Reputation: 4502
i am designing a dashboard page that summarizes data from multiple models, all on one page. and i also want to include forms on that page for creating new items.
after some experimenting, i realized i needed some advice as to the best practice for this situation... here are the 2 methods i was attempting
1) using nested field_fors...
form_for @job do |j|
j.fields_for :invoice do |i|
i.fields_for :charges do |c|
c.text_field :amount
or 2)
form_for @job.invoice.charges.build do |c|
c.text_field :amount
with the nested approach, the problem is now i have a new object which throws a wrench in my show view when it iterates through existing objects. suddenly trying to render all the created_at times fails since the new object hasn't been saved yet.

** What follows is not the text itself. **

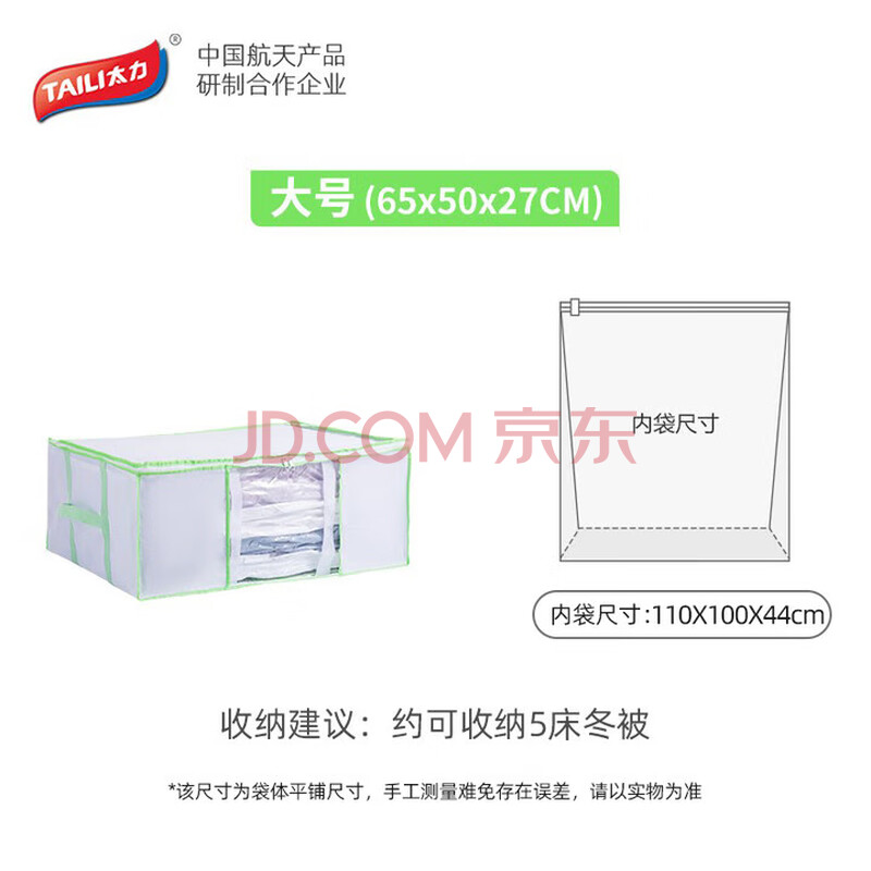 商品相册:太力真空压缩袋收纳箱收纳袋布艺衣服被子压缩袋可折叠整理袋 87L大号第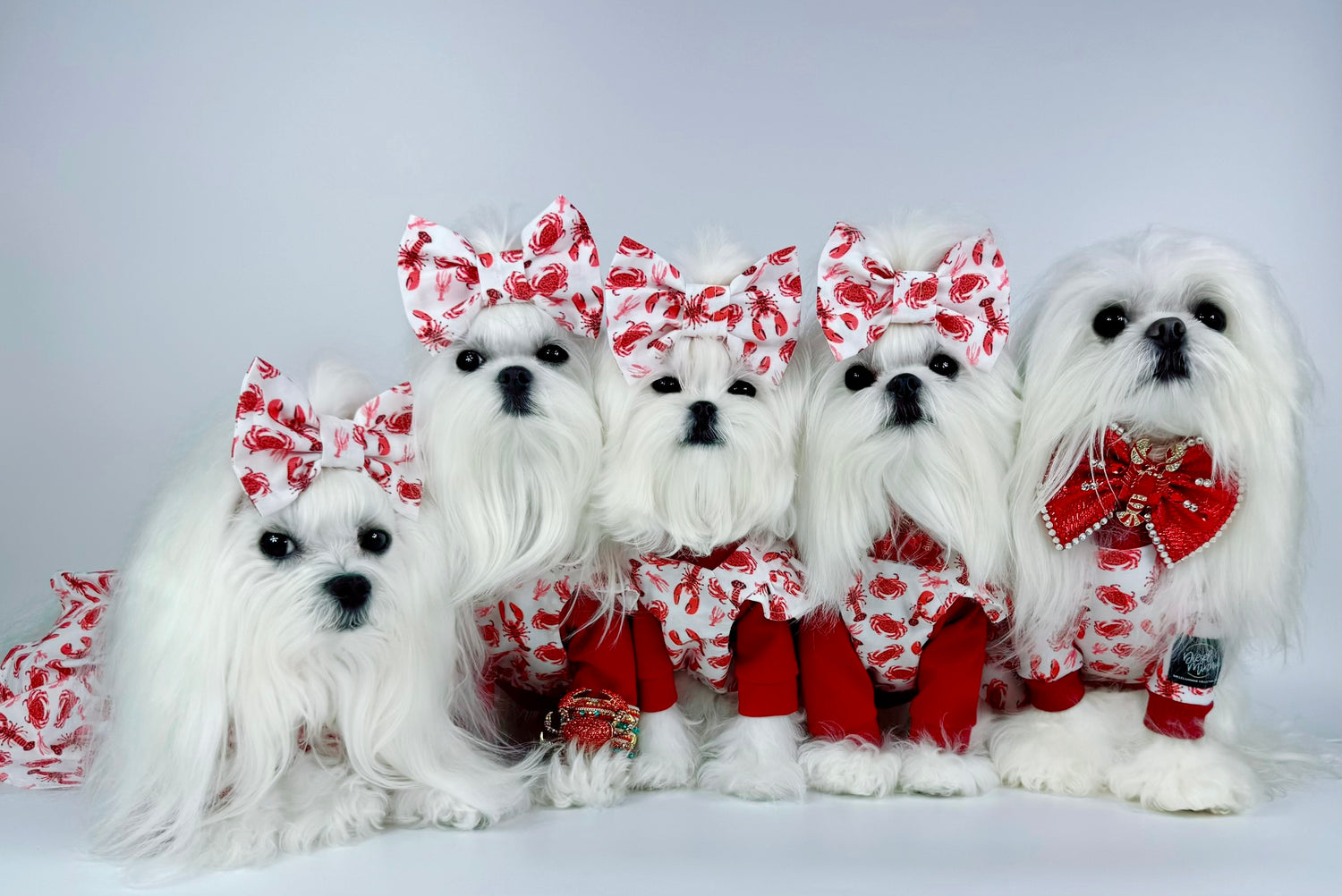 Meet the most gorgeous team of Maltese fashion models with their momager Leonora! These 5 babies are the perfect models serving all the right poses! You can save using their code FFM15 at checkout to save 15% off your blooming bow order! When you use a model code at checkout, you are not only saving, but you are also supporting that model by helping them get more fashion pieces and showing them their hard work with fashion photoshoots and posts is helping to spread the word!

the problem with approach 2) is either i post each form to its own controller to handle it, but if it doesnt validate, i need to render the show view... which means i have to provide each controller i have a form for with all the instance variables and methods etc to render the page.

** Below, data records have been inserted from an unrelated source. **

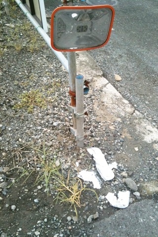 今利用している駐車場は、古い小クリートの塀に仕切られているので、出る時は全く見えず、死角だらけ。頼りになるのは、このミラーだけだったのですが、先日誰かに割られてしまいました(困)。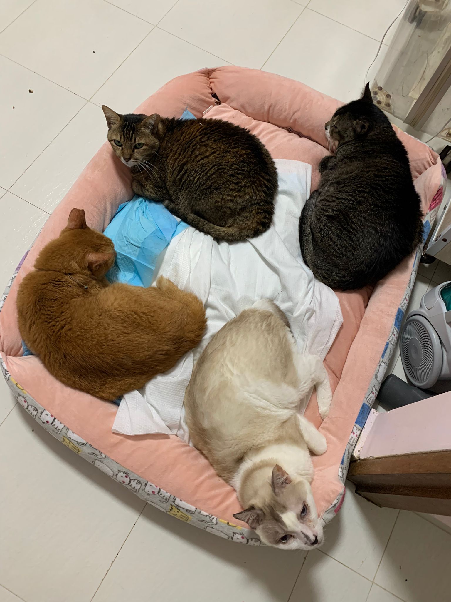 3.30pm+: i added new teabreak slot for the cats so that the critical one someone is there to check latest status and sayang. Today didn’t give bupre at this slot cos I just give at 12pm+. Told jo to give everyday at 3.30pm too. Max up didi pain killer. I want him comfy happy living his days.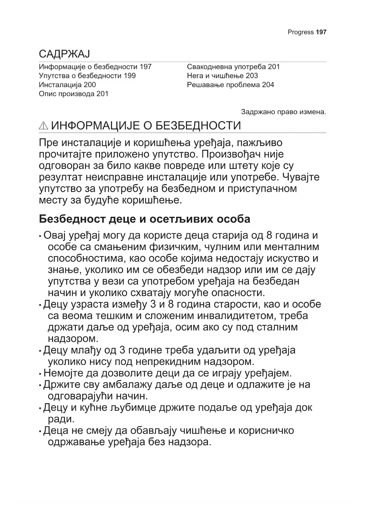 - Деца не смеју да обављају чишћење и корисничко одржавање уређаја без надзора. Progress 197Опште мере безбедности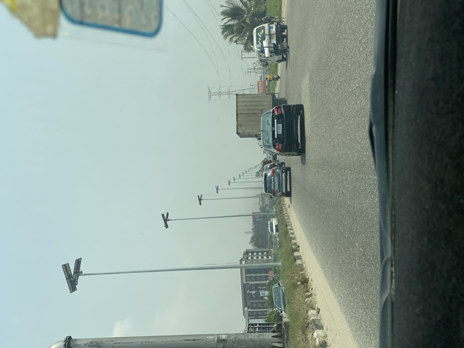 The image depicts a multi-lane asphalt roadway in Igboefon, Nigeria, viewed from inside a vehicle looking forward through the windshield and over the dashboard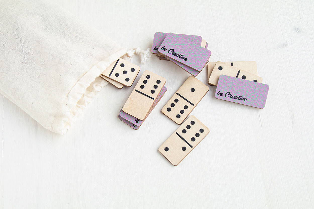 Custom made dominoes in birch plywood with 28 tiles and cotton carry pouch. Price includes an identical full colour print on the backside of all tiles. MOQ: 100 pcs.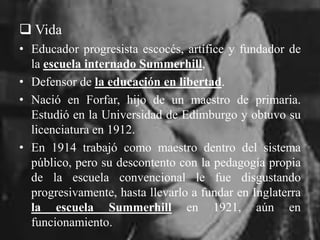 Este documento resume la vida y filosofía educativa de Alexander Sutherland Neill, educador escocés que fundó la escuela Summerhill en 1921. Neill creía firmemente en la educación en libertad y se oponía a la competitividad y represión impuestas en las escuelas convencionales. Bajo su liderazgo, Summerhill se convirtió en una de las primeras escuelas democráticas, donde los niños aprenden mejor cuando son libres de coerción y pueden elegir libremente sus propias actividades.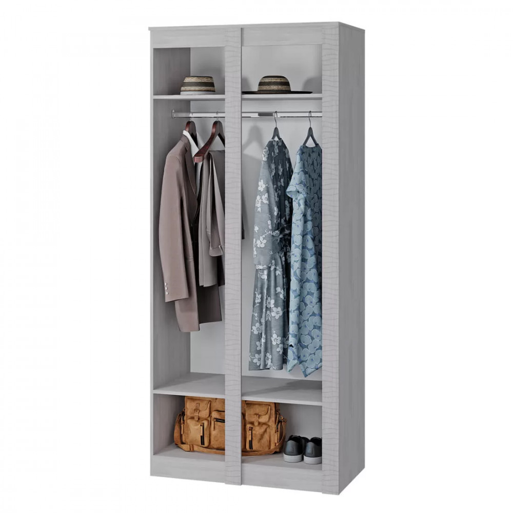 -шкаф содержит отделения с хромированной штангой для плечиков, а также верхние и нижние ниши,

and i havent quite figured out how the error handling works. sometimes my form is marked with fieldWitherrors class, and sometimes it doesnt. i have been trying out both approaches but am having trouble figuring it out.
can anyone offer advice on the direction i should go here?
Upvotes: 2
Views: 750
Reputation: 3267
If new charge is all you need, then the latter approach is the way. Note that these do basically the same:
form_for @job.invoice.charges.build do |c|
and
@charge = Charge.new(:invoice_id => @job.invoice.id)
form_for @charge do |c|
Using this second case you don't connect the new charge with the job until it's saved and if you move the first line with @charge=... to a controller, you can re-render the form when validations fail.